INTERVIEWS FOR SCIENCE JOBS
INCLUDING A PRACTICE INTERVIEW
Try a practice interview for a science job, answering typical questions and also getting tips on how you should answer. There are also other questions students have been asked at science interviews.
- What skills do scientists need?

- Practice science interview
- Skills required for a range of science careers
- Questions that have been asked at interview for science jobs
- Technical questions which have been asked
- Questions you could ask at science interviews
- Further Help
WHAT SKILLS DO SCIENTISTS NEED?
Here is a list compiled by one major pharmaceutical company:
- Presentation skills
- Teamworking
- Computing Skills
- Time Management/organising skills
- People skills
- Report writing/documentation of experiments
- Laboratory experience
- Problem solving skills
- Ability to work on your own initiative, without constant supervision.
Scientific interviews in a laboratory environment may sometimes be "on the hoof" - informal whilst being shown round the lab. Make sure you have revised your project because questions will come from that.
Employers will be looking to see how you can talk about and demonstrate these skills at your interview. The sort of evidence you could offer includes:
- CO-OPERATING: working together on a field trip.
- WRITING a report from a placement.
- PLANNING a holiday round Europe.
- PRESENTING: delivering experimental results to your seminar group.
- ANALYSING data from a project.
See our Example Science CV for an idea of how to sell these skills to employers.
PRACTICE INTERVIEW FOR A SCIENCE JOB
Before you arrive ...
Before your interview research the company. Revise thoroughly your project and relevant topics covered in your degree. There may be a tour round and the interview may be informal -especially for placement interviews. You may be asked to give a presentation on your project/research.

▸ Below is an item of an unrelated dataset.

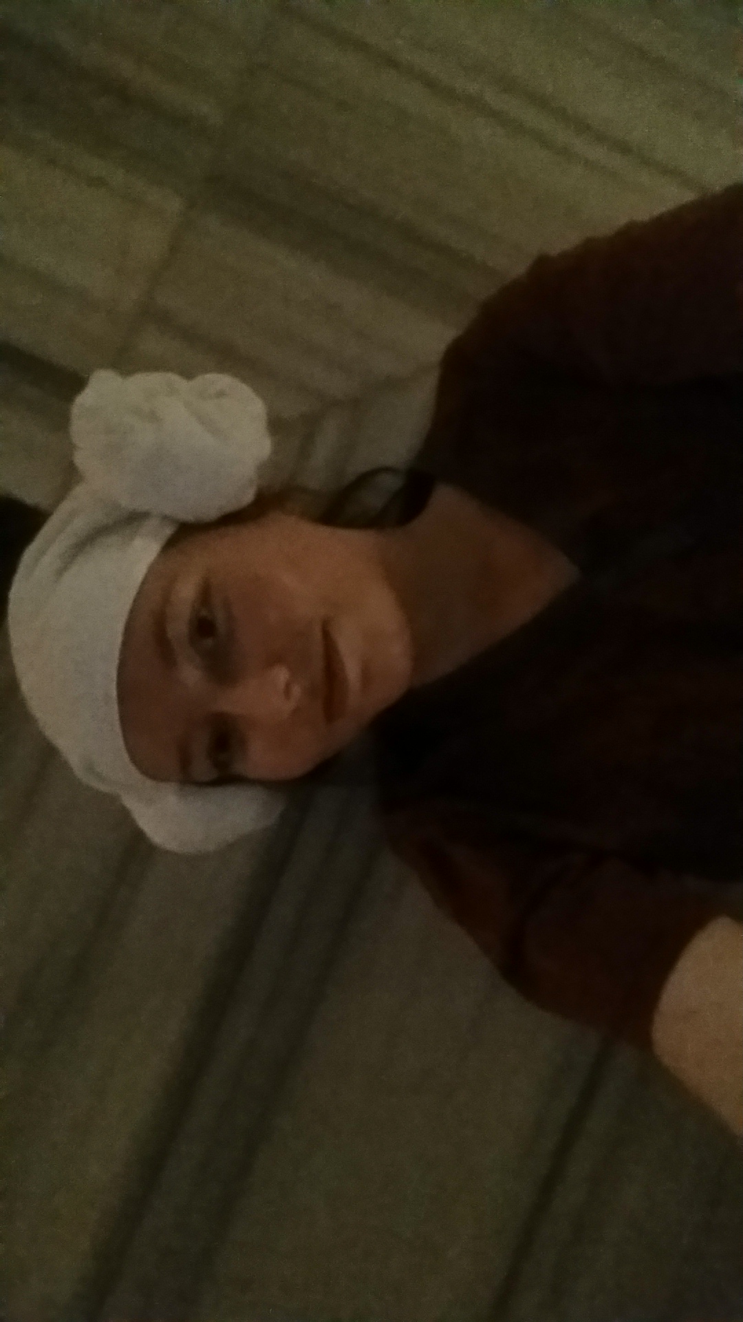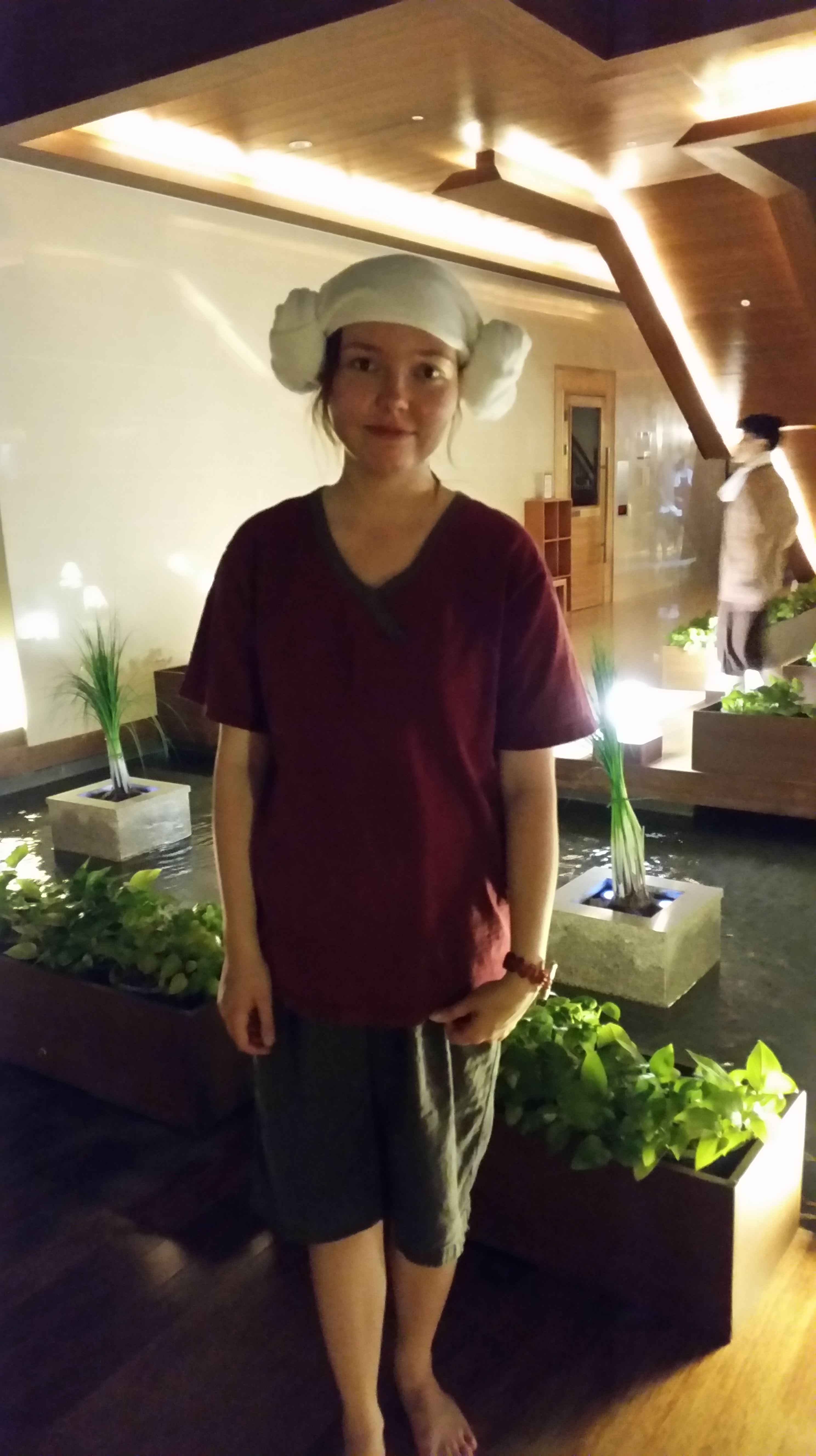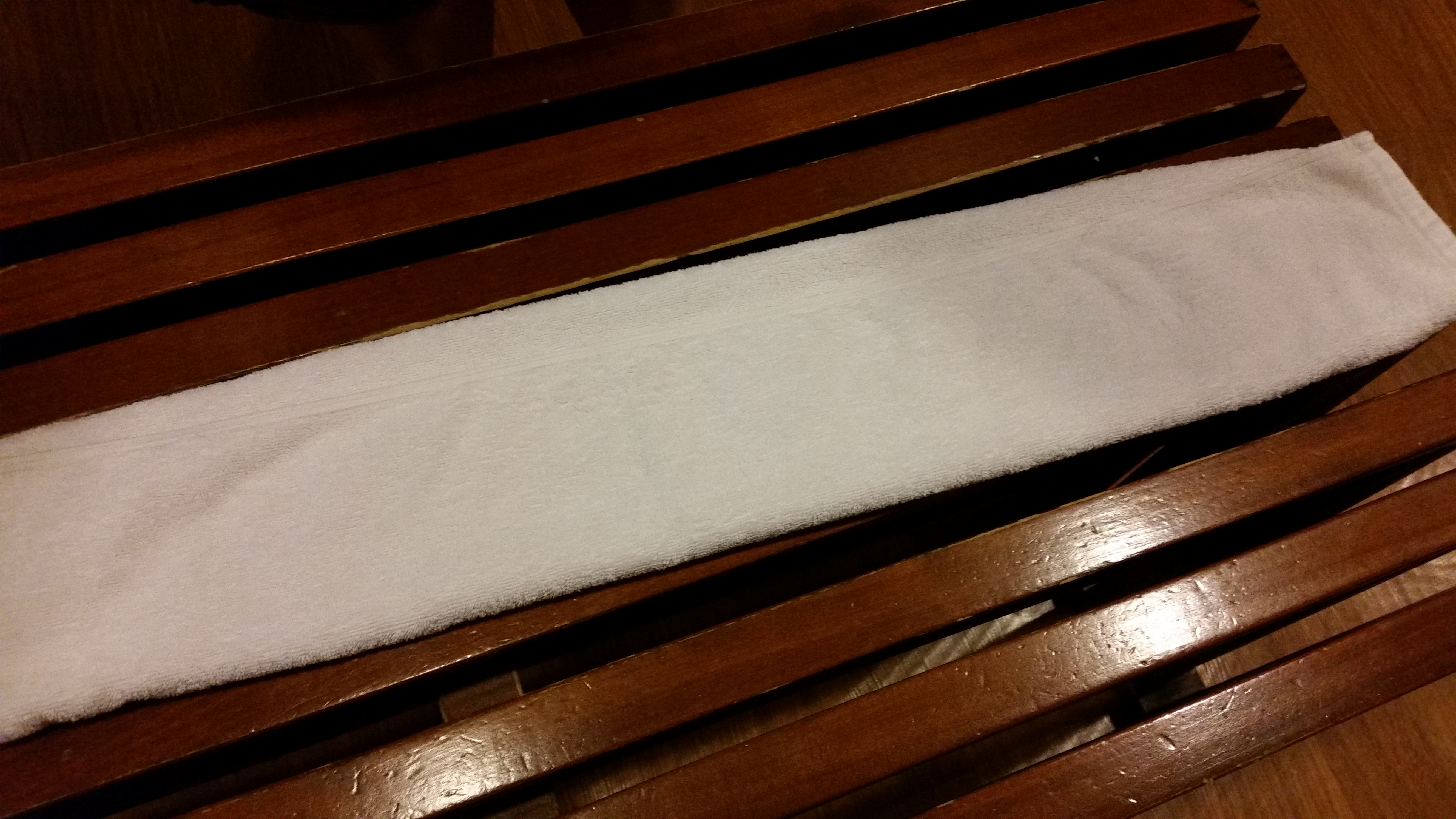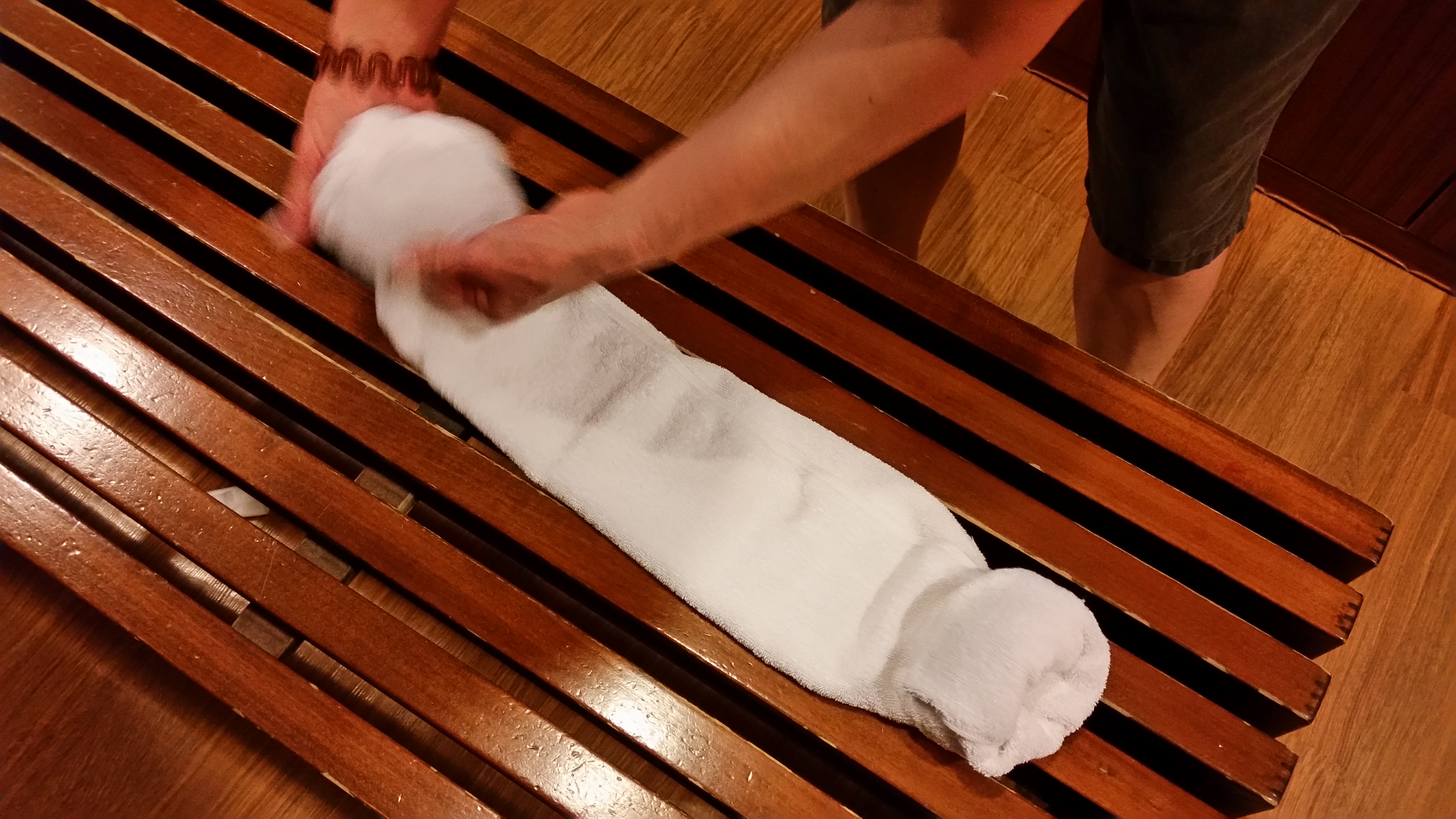 Here is how you can fold your towel (that you received from the desk with your sauna clothes) into a cute jjimjilbang head towel:

You may get spatial, numeracy and logical reasoning tests - the Careers Service has examples of these see www.kent.ac.uk/careers/psychotests.htm
There follow some of the questions that might be specifically asked of students at interviews for jobs in scientific research, development, analysis and related areas. General interview questions are not asked here, so you might also like to try the general or multiple choice interviews as well for standard interview questions that can be thrown at any candidate. Click on "First Question" to begin. Think carefully about how you would answer, then click on "Show Answer Tips" to get an idea of how you should be answering.
SKILLS NEEDED FOR A RANGE OF SCIENCE CAREERS
Whilst not comprehensive, the following list of skills may give you an idea of the skill sets interviewers may be looking for, for different science jobs,
- Academic and Industrial Research. Academic, problem solving, analytical, attention to detail, practical skills. Research scientists must be able to ANALYSE the results of experiments and be competent in WRITING reports about the procedures they have used and the results obtained. They usually work in teams and therefore need to CO-OPERATE with other people. On occasions they have to GIVE PRESENTATIONS to groups of people and as they progress within a company, they may have to LEAD a team and PLAN their schedule of work over a given period of time.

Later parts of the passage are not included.